:: The task ::
Reproduce the entries that follow precisely, setting aside any images.

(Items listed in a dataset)
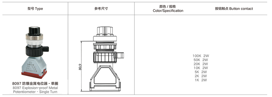 8097-2 金屬 ( 不銹鋼 ) 隔爆防爆控制旋鈕
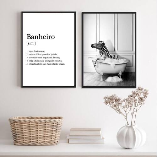 Kit 2 quadros divertidos banheiro - zebra 33x24cm Moldura: madeira preta Informações do produto tire todas as suas dúvidas no descritivo abaixo: decoração para quarto, sala, cozinha, escritório, área gourmet e muito mais. Chega de paredes vazias medidas - cada peça tem 33x24cm a4 . Material do papel - papel fotográfico brilhante de altíssima resolução acabamento - todos os quadros são acompanhados de uma película de acetato para proteção da imagem. - os quadros são embalados de forma segura com plástico bolha com camada dupla de acordo com o tamanho dos quadros. Garantia - garantia de 3 meses. Meu quadro chegou. Como posso fixá-lo Você precisa apenas de um martelo e um prego, pois os quadros já vão acompanhados de penduradores. Esta é a forma mais indicada. Caso prefira, você pode utilizar uma fita dupla face neste caso, sugerimos de alta qualidade para evitar que descole e seu quadro caia . Como posso limpar meu quadro A limpeza é feita como um móvel comum da sua casa. Apenas um pano seco ou espanador são suficientes para tal
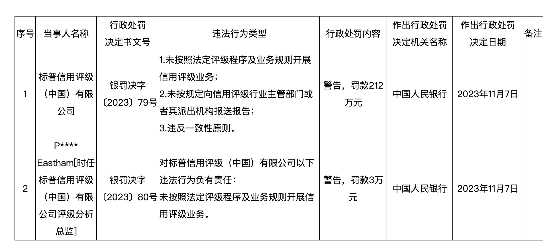 2月2日,中国人民银行发布银罚决字【2023】79-80号行政处罚决定书,对标普信用评级(中国)有限公司以及相关责任人的违法行为进行处罚,分别罚款212万元、罚款3万元。
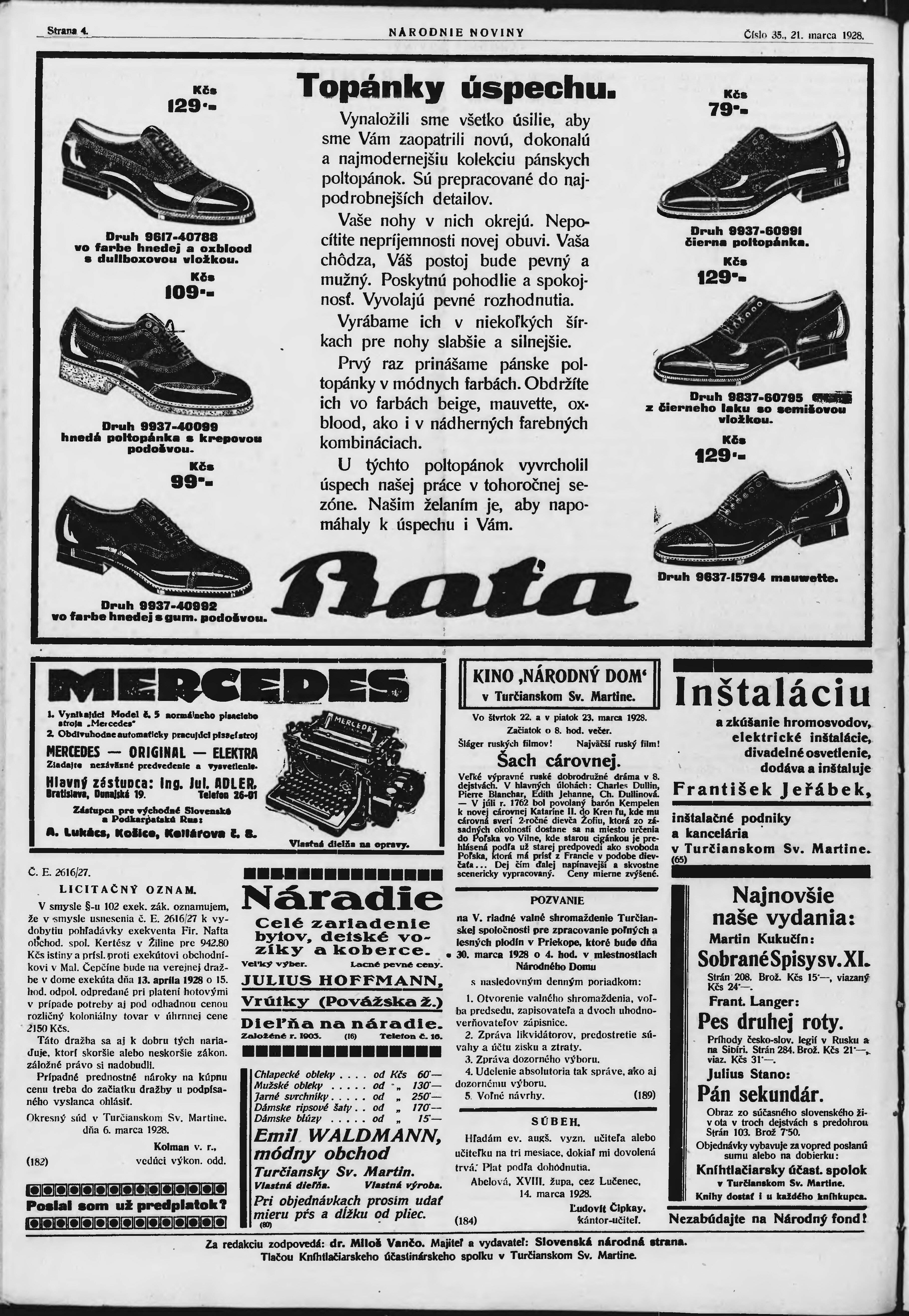 * Datum vydání výtisku: 21.3.1928 Číslo výtisku: 35
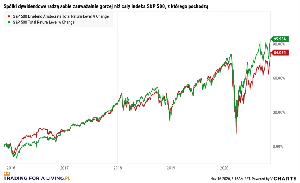 Jeśli do kogoś jeszcze to nie dotarło, to może sytuację lepiej pozwoli unaocznić wykres tego, jak spółki dywidendowe zachowują się względem benchmarku, czyli całego indeksu S&P 500, z którego pochodzą. Parametr total return oznacza, że wzrosty uwzględniają już wypłacane i reinwestowane dywidendy.

:: Result ::
 8097-2 金屬 ( 不銹鋼 ) 隔爆防爆控制旋鈕
 Kit 2 quadros divertidos banheiro - zebra 33x24cm Moldura: madeira preta Informações do produto tire todas as suas dúvidas no descritivo abaixo: decoração para quarto, sala, cozinha, escritório, área gourmet e muito mais. Chega de paredes vazias medidas - cada peça tem 33x24cm a4 . Material do papel - papel fotográfico brilhante de altíssima resolução acabamento - todos os quadros são acompanhados de uma película de acetato para proteção da imagem. - os quadros são embalados de forma segura com plástico bolha com camada dupla de acordo com o tamanho dos quadros. Garantia - garantia de 3 meses. Meu quadro chegou. Como posso fixá-lo Você precisa apenas de um martelo e um prego, pois os quadros já vão acompanhados de penduradores. Esta é a forma mais indicada. Caso prefira, você pode utilizar uma fita dupla face neste caso, sugerimos de alta qualidade para evitar que descole e seu quadro caia . Como posso limpar meu quadro A limpeza é feita como um móvel comum da sua casa. Apenas um pano seco ou espanador são suficientes para tal
 2月2日,中国人民银行发布银罚决字【2023】79-80号行政处罚决定书,对标普信用评级(中国)有限公司以及相关责任人的违法行为进行处罚,分别罚款212万元、罚款3万元。
 * Datum vydání výtisku: 21.3.1928 Číslo výtisku: 35
 Jeśli do kogoś jeszcze to nie dotarło, to może sytuację lepiej pozwoli unaocznić wykres tego, jak spółki dywidendowe zachowują się względem benchmarku, czyli całego indeksu S&P 500, z którego pochodzą. Parametr total return oznacza, że wzrosty uwzględniają już wypłacane i reinwestowane dywidendy.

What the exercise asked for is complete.